→ **Dataset excerpts**
####

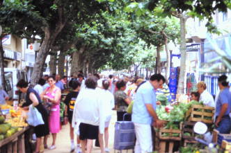 Marknad inne i gamla stan. Folk samlas för att träffas och umgås. Och kanske handla lite också.
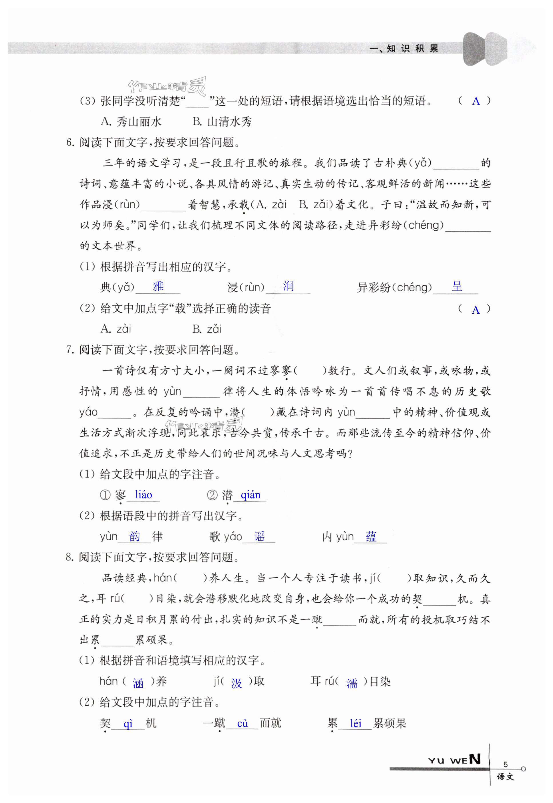 注:目前有些书本章节名称可能整理的还不是很完善,但都是按照顺序排列的,请同学们按照顺序仔细查找。练习册 2025年中考指要语文 答案主要是用来给同学们做完题方便对答案用的,请勿直接抄袭。
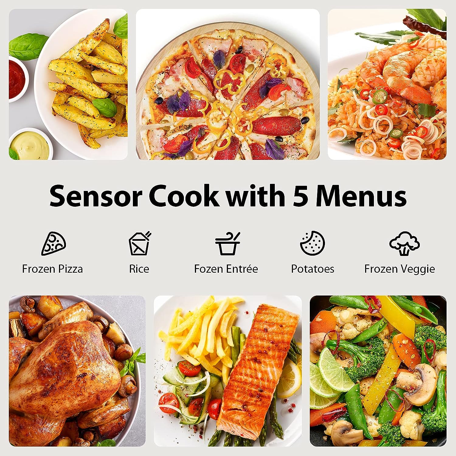 - 【Pre-programmed sensor menu】 for optimum heating of popular foods like pizza, potatoes, veggies and more; Power Wattage (Microwave): 1100W; Rated Voltage: 120V – 60Hz
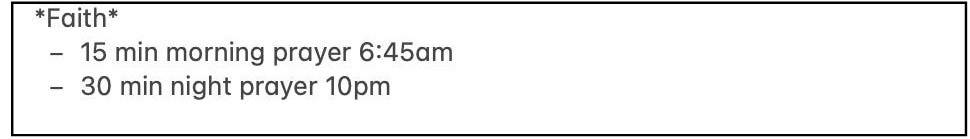 Instead of trying and flaking on both schedules, I committed to a 10pm daily prayer time.
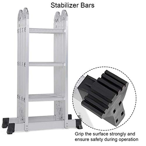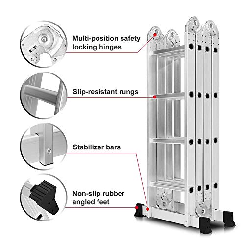 Primary Material: Heavy-duty 6063 T5 grade aluminum construction; square rungs and supporting tubes, make this folding ladder stable and durable; meets EN131 standard and maximum load capacity is 150 kgs. Aluminium Thickness is 1.5 mm And Height between rungs is 28 cm. This Aluminium Ladder have 12 Step (4 x 3).
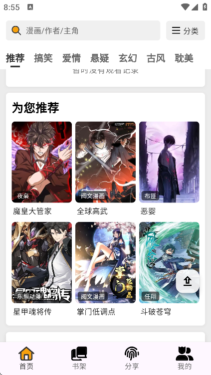 2、多种分类:用户可以根据自己的兴趣选择不同的漫画分类进行阅读,包括爱情、冒险、奇幻、恐怖等;
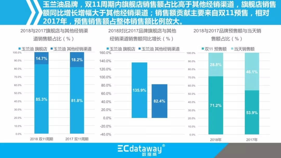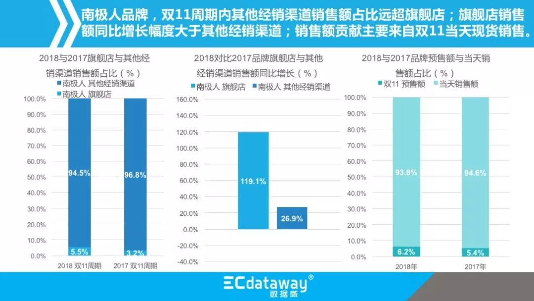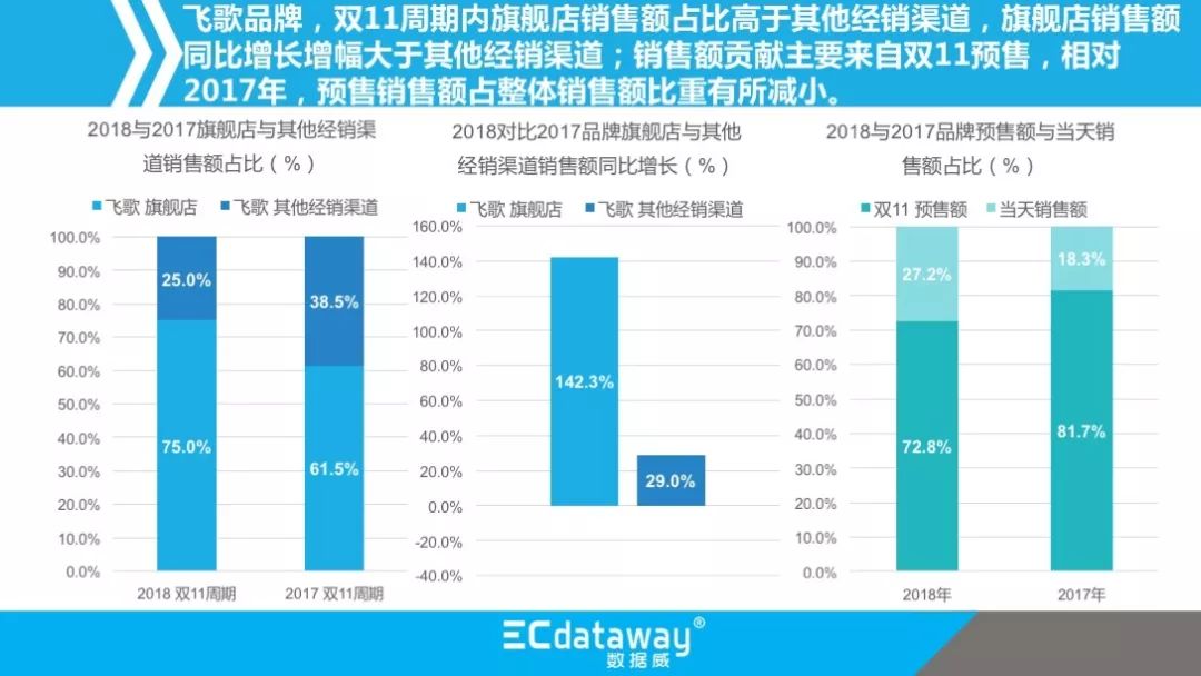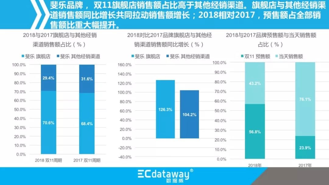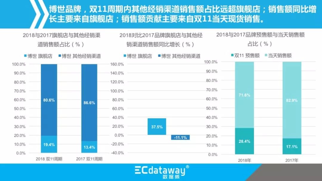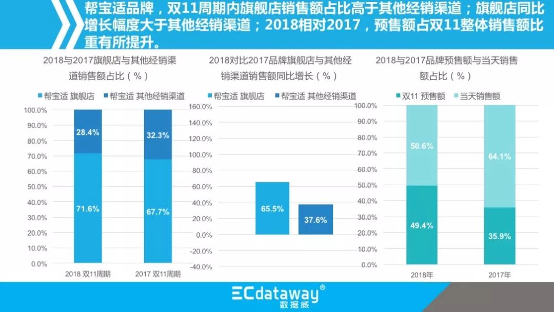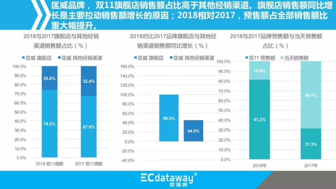 ECdataway :2018年双11天猫九大行业榜单上升品牌研究 【ECdataway 数据威】将2018年与2017年双11天猫平台九大行业TOP榜单进行对比研究,在所有行业榜单中,标出排名上升的品牌与上升名次,并选取两家排名上升幅度较大的品牌(榜单中黄色Highlight),从时间(预售还是当天)和空间(官方旗舰店与其它经销渠道)上分析其增长原因,为品牌方提供进一步研究方向。 1、服饰鞋包行业 南极人品牌,双11周期内其他经销渠道销售额占比远超旗舰店销售额;旗舰店销售额同比增长幅度大于其他经销渠道;销售额贡献主要来自双11当天现货销售。 GXG品牌,双11周期内旗舰店销售额占比高于其他经销渠道,旗舰店销售额同比增长是主要拉动销售额增长的原因;销售额贡献主要来自双11当天现货销售。 2、母婴行业 帮宝适品牌,双11周期内旗舰店销售额占比高于其他经销渠道;旗舰店同比增长幅度大于其他经销渠道;2018相对2017,预售额占双11整体销售额比重有所提升。 戴维贝拉品牌,2018双11旗舰店销售额占全部渠道主要销售份额,且相对2017比重有所放大。旗舰店销售额同比增长是主要拉动销售额增长的原因;销售额贡献大部分来自双11当天现货销售。 3、3C数码行业 飞利浦品牌,双11周期内其他经销渠道销售额高于旗舰店;旗舰店销售额同比增长好于其他经销渠道;销售额贡献主要来自双11当天现货销售,相对2017,预售额占整体销售额比重有所放大。 戴森品牌,双11周期2018相对2017,旗舰店销售额占全部渠道销售额占比有所降低;其他渠道同比增长大幅增加带动整体销售额增长;2018相对2017预售额占整体销售额占比有所增加。 4、家装家饰行业 芝华士品牌, 双11旗舰店销售额占比远高于其他经销渠道。旗舰店销售额同比增长是主要拉动销售额增长的原因;销售额贡献大部分来自双11预售额。 欧派品牌, 2018双11旗舰店销售额占比略低于其他经销渠道,相对2017旗舰店销售额占比有所下降。其他经销渠道大幅增长带动整体销售额增长;以双11当天现货销售为主。 5、美妆个护行业 玉兰油品牌,双11周期内旗舰店销售额占比高于其他经销渠道,旗舰店销售额同比增长增幅大于其他经销渠道;销售额贡献主要来自双11预售,相对2017年,预售销售额占整体销售额比例放大。 HomeFacialPro品牌,双11周期内旗舰店销售额占比高于其他经销渠道;旗舰店销售额同比增长是拉动整体增长的主要因素;2018年预售额占整体销售份额相对2017年有所提升。 6、运动户外行业 匡威品牌, 双11旗舰店销售额占比高于其他经销渠道。旗舰店销售额同比增长是主要拉动销售额增长的原因;2018相对2017,预售额占全部销售额比重大幅提升。 斐乐品牌, 双11旗舰店销售额占比高于其他经销渠道。旗舰店与其他经销渠道销售额同比增长共同拉动销售额增长;2018相对2017,预售额占全部销售额比重大幅提升。 7、食品保健OTC行业 良品铺子品牌, 2018双11旗舰店销售额占比高于其他经销渠道。旗舰店销售额同比增长高于其他经销渠道;以双11当天现货销售为主。 汤臣倍健品牌, 双11周期2018相对2017,旗舰店销售额占整体销售额比重有所增加;销售额同比增长主要来自旗舰店增长;2018预售额占比相对2017占整体销售比重增加。 8、汽配摩托行业 飞歌品牌,双11周期内旗舰店销售额占比高于其他经销渠道,旗舰店销售额同比增长增幅大于其他经销渠道;销售额贡献主要来自双11预售,相对2017年,预售销售额占整体销售额比重有所减小。 博世品牌,双11周期内其他经销渠道销售额占比远超旗舰店;销售额同比增长主要来自旗舰店;销售额贡献主要来自双11当天现货销售。 9、家居清洁行业 维达品牌, 2018双11旗舰店销售额占比高于其他经销渠道,相对2017旗舰店销售额占比有所提升。旗舰店销售额同比增长高于其他经销渠道;以双11当天现货销售为主。 蓝月亮品牌,双11旗舰店销售额占比高于其他经销渠道。旗舰店销售额同比增长略高于其他经销渠道;2018预售额占整体销售额比重相对2017有所提升。 来自: ECdataway数据威 更多阅读:数据威:2020年618大促 全域数据解读——美妆护肤专场ECdataway:2018年Q4手机电商数据解读与趋势分析Initiative:千禧一代最看重品牌的信誉 占比为31%在品牌研究中,对于人工智能而言,创造性思维意味Apptopia:2021年亚马逊在购物应用安装量中排名全球第四尼尔森IQ:2022年中国零售市场回顾与展望阿里研究院:中外电商物流服务比较千亿美金俱乐部的互联网公司在想什么?做什么?疫情下的电商品类研究-从短期销售趋势看市场变化及影响极光大数据:2018年双11数据研究报告昨天,你参与双十一2135亿的大项目了么?交科院&瓜子二手车:2017年度中国主要城市二手车发展报告第九届中国电子商务与物流企业家年会暨农产品电子商务供应链创新发展高峰论坛在北京召开统计局:2014年全社会电子商务交易额突破16万亿利用分析学提升中国的电子商务业绩

####

→ **What to work on**
Only the pictures stay behind; everything else in the data above is to be retyped exactly.

→ **Result for this task**
 Marknad inne i gamla stan. Folk samlas för att träffas och umgås. Och kanske handla lite också.
 注:目前有些书本章节名称可能整理的还不是很完善,但都是按照顺序排列的,请同学们按照顺序仔细查找。练习册 2025年中考指要语文 答案主要是用来给同学们做完题方便对答案用的,请勿直接抄袭。
 - 【Pre-programmed sensor menu】 for optimum heating of popular foods like pizza, potatoes, veggies and more; Power Wattage (Microwave): 1100W; Rated Voltage: 120V – 60Hz
 Instead of trying and flaking on both schedules, I committed to a 10pm daily prayer time.
 Primary Material: Heavy-duty 6063 T5 grade aluminum construction; square rungs and supporting tubes, make this folding ladder stable and durable; meets EN131 standard and maximum load capacity is 150 kgs. Aluminium Thickness is 1.5 mm And Height between rungs is 28 cm. This Aluminium Ladder have 12 Step (4 x 3).
 2、多种分类:用户可以根据自己的兴趣选择不同的漫画分类进行阅读,包括爱情、冒险、奇幻、恐怖等;
 ECdataway :2018年双11天猫九大行业榜单上升品牌研究 【ECdataway 数据威】将2018年与2017年双11天猫平台九大行业TOP榜单进行对比研究,在所有行业榜单中,标出排名上升的品牌与上升名次,并选取两家排名上升幅度较大的品牌(榜单中黄色Highlight),从时间(预售还是当天)和空间(官方旗舰店与其它经销渠道)上分析其增长原因,为品牌方提供进一步研究方向。 1、服饰鞋包行业 南极人品牌,双11周期内其他经销渠道销售额占比远超旗舰店销售额;旗舰店销售额同比增长幅度大于其他经销渠道;销售额贡献主要来自双11当天现货销售。 GXG品牌,双11周期内旗舰店销售额占比高于其他经销渠道,旗舰店销售额同比增长是主要拉动销售额增长的原因;销售额贡献主要来自双11当天现货销售。 2、母婴行业 帮宝适品牌,双11周期内旗舰店销售额占比高于其他经销渠道;旗舰店同比增长幅度大于其他经销渠道;2018相对2017,预售额占双11整体销售额比重有所提升。 戴维贝拉品牌,2018双11旗舰店销售额占全部渠道主要销售份额,且相对2017比重有所放大。旗舰店销售额同比增长是主要拉动销售额增长的原因;销售额贡献大部分来自双11当天现货销售。 3、3C数码行业 飞利浦品牌,双11周期内其他经销渠道销售额高于旗舰店;旗舰店销售额同比增长好于其他经销渠道;销售额贡献主要来自双11当天现货销售,相对2017,预售额占整体销售额比重有所放大。 戴森品牌,双11周期2018相对2017,旗舰店销售额占全部渠道销售额占比有所降低;其他渠道同比增长大幅增加带动整体销售额增长;2018相对2017预售额占整体销售额占比有所增加。 4、家装家饰行业 芝华士品牌, 双11旗舰店销售额占比远高于其他经销渠道。旗舰店销售额同比增长是主要拉动销售额增长的原因;销售额贡献大部分来自双11预售额。 欧派品牌, 2018双11旗舰店销售额占比略低于其他经销渠道,相对2017旗舰店销售额占比有所下降。其他经销渠道大幅增长带动整体销售额增长;以双11当天现货销售为主。 5、美妆个护行业 玉兰油品牌,双11周期内旗舰店销售额占比高于其他经销渠道,旗舰店销售额同比增长增幅大于其他经销渠道;销售额贡献主要来自双11预售,相对2017年,预售销售额占整体销售额比例放大。 HomeFacialPro品牌,双11周期内旗舰店销售额占比高于其他经销渠道;旗舰店销售额同比增长是拉动整体增长的主要因素;2018年预售额占整体销售份额相对2017年有所提升。 6、运动户外行业 匡威品牌, 双11旗舰店销售额占比高于其他经销渠道。旗舰店销售额同比增长是主要拉动销售额增长的原因;2018相对2017,预售额占全部销售额比重大幅提升。 斐乐品牌, 双11旗舰店销售额占比高于其他经销渠道。旗舰店与其他经销渠道销售额同比增长共同拉动销售额增长;2018相对2017,预售额占全部销售额比重大幅提升。 7、食品保健OTC行业 良品铺子品牌, 2018双11旗舰店销售额占比高于其他经销渠道。旗舰店销售额同比增长高于其他经销渠道;以双11当天现货销售为主。 汤臣倍健品牌, 双11周期2018相对2017,旗舰店销售额占整体销售额比重有所增加;销售额同比增长主要来自旗舰店增长;2018预售额占比相对2017占整体销售比重增加。 8、汽配摩托行业 飞歌品牌,双11周期内旗舰店销售额占比高于其他经销渠道,旗舰店销售额同比增长增幅大于其他经销渠道;销售额贡献主要来自双11预售,相对2017年,预售销售额占整体销售额比重有所减小。 博世品牌,双11周期内其他经销渠道销售额占比远超旗舰店;销售额同比增长主要来自旗舰店;销售额贡献主要来自双11当天现货销售。 9、家居清洁行业 维达品牌, 2018双11旗舰店销售额占比高于其他经销渠道,相对2017旗舰店销售额占比有所提升。旗舰店销售额同比增长高于其他经销渠道;以双11当天现货销售为主。 蓝月亮品牌,双11旗舰店销售额占比高于其他经销渠道。旗舰店销售额同比增长略高于其他经销渠道;2018预售额占整体销售额比重相对2017有所提升。 来自: ECdataway数据威 更多阅读:数据威:2020年618大促 全域数据解读——美妆护肤专场ECdataway:2018年Q4手机电商数据解读与趋势分析Initiative:千禧一代最看重品牌的信誉 占比为31%在品牌研究中,对于人工智能而言,创造性思维意味Apptopia:2021年亚马逊在购物应用安装量中排名全球第四尼尔森IQ:2022年中国零售市场回顾与展望阿里研究院:中外电商物流服务比较千亿美金俱乐部的互联网公司在想什么?做什么?疫情下的电商品类研究-从短期销售趋势看市场变化及影响极光大数据:2018年双11数据研究报告昨天,你参与双十一2135亿的大项目了么?交科院&瓜子二手车:2017年度中国主要城市二手车发展报告第九届中国电子商务与物流企业家年会暨农产品电子商务供应链创新发展高峰论坛在北京召开统计局:2014年全社会电子商务交易额突破16万亿利用分析学提升中国的电子商务业绩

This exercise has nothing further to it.